Monday, May 23, 2005

We design synthesizers

A name wasn't given to the bouncy instrumental track that begins Holiday upon the album's original release (on Feel Good All Over), but the track was dubbed "BBC Radiophonic Workshop" on the album's re-issue in 1999 on Merge Records. I don't know if Merritt had the name in mind when he composed the tune, but it's an absolutely perfect title and a fitting (albeit brief) tribute.

The BBC Radiophonic Workshop was created in 1956 to provide electronic music for radio and TV programs, as an alternative to more familiar-sounding orchestral music. Until its demise a decade ago, due to budget cutbacks, it produced a mind-bogglingly huge amount of music, as it sometimes scored over 150 programs annually.

Easily the most popular tune from the Workshop is the Doctor Who theme song, composed by Ron Grainer and realized by Delia Derbyshire with Dick Mills in 1963. This page is fascinating reading, describing the painstaking recording techniques that were employed for the song.

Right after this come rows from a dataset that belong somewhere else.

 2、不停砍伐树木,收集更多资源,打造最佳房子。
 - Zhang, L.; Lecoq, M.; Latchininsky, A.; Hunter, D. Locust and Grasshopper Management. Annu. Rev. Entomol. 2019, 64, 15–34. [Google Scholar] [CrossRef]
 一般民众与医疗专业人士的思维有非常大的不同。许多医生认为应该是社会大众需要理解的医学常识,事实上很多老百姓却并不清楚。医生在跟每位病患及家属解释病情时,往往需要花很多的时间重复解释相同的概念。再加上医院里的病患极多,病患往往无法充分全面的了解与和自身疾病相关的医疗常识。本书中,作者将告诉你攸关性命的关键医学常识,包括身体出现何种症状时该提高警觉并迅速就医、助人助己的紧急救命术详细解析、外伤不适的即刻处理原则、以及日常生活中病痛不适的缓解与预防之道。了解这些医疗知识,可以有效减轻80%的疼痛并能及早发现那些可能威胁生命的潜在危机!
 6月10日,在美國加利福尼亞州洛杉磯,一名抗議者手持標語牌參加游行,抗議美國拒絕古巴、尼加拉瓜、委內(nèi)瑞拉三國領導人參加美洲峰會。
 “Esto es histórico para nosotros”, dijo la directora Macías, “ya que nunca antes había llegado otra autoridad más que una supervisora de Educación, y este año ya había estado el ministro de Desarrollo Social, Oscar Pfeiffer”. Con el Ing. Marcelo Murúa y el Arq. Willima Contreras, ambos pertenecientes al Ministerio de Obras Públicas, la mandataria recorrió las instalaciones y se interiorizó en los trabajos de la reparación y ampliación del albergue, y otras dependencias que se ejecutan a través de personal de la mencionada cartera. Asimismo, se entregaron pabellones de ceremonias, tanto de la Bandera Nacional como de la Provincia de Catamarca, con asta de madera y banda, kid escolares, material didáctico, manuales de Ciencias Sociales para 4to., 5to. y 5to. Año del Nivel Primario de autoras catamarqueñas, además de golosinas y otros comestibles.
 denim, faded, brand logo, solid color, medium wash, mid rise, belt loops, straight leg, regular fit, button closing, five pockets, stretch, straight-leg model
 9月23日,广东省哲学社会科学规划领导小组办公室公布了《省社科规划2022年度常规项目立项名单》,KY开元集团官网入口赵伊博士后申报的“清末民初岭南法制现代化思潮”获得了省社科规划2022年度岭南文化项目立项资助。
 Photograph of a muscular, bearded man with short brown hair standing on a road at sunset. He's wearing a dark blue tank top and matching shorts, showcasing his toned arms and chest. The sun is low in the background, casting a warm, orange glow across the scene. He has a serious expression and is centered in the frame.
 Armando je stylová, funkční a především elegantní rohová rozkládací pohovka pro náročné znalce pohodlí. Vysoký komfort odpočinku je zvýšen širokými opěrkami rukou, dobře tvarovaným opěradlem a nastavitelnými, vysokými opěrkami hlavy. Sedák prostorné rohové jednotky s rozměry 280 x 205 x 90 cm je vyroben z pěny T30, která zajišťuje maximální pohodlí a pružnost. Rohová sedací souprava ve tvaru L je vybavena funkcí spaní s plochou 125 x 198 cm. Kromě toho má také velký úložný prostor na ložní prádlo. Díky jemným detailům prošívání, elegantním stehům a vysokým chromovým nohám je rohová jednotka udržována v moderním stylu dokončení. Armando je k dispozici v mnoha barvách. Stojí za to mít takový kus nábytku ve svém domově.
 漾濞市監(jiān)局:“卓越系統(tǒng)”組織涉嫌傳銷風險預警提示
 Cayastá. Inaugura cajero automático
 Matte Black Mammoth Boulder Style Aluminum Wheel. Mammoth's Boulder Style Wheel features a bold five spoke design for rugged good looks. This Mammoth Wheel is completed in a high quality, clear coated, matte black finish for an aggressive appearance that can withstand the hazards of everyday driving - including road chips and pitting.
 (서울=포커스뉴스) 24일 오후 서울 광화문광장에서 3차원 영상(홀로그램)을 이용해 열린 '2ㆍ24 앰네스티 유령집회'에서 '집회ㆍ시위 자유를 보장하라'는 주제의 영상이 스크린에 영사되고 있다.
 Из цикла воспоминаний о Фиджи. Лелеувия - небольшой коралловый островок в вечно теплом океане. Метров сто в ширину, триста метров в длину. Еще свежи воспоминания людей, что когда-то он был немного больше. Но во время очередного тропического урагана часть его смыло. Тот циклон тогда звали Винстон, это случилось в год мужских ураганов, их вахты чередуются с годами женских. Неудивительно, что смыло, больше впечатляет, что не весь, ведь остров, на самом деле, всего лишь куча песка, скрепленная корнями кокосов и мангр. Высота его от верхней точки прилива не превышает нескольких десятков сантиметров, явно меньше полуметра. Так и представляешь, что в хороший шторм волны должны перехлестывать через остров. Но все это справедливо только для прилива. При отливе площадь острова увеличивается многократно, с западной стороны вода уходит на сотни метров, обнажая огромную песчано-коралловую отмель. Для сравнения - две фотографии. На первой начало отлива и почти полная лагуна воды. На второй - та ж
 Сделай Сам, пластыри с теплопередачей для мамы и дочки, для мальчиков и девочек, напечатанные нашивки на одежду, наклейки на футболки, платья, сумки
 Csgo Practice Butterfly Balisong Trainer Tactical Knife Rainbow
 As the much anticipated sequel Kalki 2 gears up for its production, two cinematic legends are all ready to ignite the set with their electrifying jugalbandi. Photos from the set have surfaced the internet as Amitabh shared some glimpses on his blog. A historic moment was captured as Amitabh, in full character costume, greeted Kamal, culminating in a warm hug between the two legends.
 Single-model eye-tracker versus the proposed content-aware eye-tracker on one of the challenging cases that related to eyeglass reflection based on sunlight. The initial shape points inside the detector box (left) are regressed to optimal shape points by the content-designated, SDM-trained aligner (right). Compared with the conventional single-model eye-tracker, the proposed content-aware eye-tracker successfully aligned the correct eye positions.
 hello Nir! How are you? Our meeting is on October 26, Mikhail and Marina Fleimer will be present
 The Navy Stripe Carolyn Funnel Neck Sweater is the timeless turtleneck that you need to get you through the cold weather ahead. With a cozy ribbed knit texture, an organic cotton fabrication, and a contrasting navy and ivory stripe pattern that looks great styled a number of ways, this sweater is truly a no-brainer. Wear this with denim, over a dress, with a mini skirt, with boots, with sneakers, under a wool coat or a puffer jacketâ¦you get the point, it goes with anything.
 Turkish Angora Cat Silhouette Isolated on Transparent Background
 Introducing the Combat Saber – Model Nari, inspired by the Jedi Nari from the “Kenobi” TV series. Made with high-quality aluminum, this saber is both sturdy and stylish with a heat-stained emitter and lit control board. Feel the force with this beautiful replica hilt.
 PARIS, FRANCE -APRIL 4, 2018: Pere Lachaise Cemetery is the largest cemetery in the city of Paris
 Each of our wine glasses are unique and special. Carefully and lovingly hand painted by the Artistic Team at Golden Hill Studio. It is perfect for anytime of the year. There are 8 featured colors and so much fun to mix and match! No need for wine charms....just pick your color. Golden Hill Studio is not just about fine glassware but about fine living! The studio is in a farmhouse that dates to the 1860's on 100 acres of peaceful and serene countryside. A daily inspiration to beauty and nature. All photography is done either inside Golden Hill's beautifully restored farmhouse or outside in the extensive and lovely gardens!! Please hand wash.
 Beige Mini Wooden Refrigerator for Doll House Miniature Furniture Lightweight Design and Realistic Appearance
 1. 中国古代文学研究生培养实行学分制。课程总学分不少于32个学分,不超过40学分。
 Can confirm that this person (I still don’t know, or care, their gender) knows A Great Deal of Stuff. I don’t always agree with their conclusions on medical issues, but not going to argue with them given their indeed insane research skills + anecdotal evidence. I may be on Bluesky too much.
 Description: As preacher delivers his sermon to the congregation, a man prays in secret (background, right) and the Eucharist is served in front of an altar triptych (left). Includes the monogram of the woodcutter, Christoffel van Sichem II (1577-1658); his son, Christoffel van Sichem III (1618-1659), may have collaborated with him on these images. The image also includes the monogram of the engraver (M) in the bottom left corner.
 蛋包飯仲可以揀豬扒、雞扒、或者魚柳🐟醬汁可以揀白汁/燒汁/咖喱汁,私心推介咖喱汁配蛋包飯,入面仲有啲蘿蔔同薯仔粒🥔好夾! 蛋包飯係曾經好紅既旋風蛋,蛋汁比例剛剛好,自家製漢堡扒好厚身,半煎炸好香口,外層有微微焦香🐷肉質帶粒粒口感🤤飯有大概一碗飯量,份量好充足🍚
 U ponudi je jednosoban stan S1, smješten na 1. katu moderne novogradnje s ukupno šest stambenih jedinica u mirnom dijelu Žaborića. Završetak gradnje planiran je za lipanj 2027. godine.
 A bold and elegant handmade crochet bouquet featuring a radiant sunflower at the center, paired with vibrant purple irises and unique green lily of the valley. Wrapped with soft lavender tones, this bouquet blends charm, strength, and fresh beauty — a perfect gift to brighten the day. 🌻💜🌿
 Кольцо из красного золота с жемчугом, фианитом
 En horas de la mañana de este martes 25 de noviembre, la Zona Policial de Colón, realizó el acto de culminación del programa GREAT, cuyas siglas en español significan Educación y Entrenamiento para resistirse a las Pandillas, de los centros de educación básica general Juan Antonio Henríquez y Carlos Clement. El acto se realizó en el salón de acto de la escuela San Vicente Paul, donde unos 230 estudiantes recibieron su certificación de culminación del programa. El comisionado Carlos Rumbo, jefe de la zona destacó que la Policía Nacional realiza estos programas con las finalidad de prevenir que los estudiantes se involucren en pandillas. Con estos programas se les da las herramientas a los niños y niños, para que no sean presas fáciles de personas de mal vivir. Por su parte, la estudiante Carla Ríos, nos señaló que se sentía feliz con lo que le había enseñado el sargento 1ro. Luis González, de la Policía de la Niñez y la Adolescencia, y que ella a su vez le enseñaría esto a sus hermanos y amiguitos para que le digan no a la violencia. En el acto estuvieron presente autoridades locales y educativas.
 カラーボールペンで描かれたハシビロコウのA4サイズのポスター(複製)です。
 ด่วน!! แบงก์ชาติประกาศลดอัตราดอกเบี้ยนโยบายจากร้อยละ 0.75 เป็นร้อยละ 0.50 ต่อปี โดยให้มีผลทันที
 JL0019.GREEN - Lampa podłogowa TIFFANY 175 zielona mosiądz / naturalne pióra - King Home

Using tone generators, oscillators, and a white noise generator, Derbyshire and Mills would create unusual sounds and record them to tape. Tape loops were made and played back at varying speeds until the desired pitches were obtained, and then recordings of these sounds were spliced together meticulously. Holy cow.

The 1975 compilation album The Radiophonic Workshop provides the second selection this week, a strange and disorienting fanfare from Malcolm Clarke, mixing dubious synthesized praises with clangs and clops of percussion. Those of you lucky enough to get BBC Four on the telly can watch the documentary Alchemists of Sound about the BBC Radiophonic Workshop this Saturday.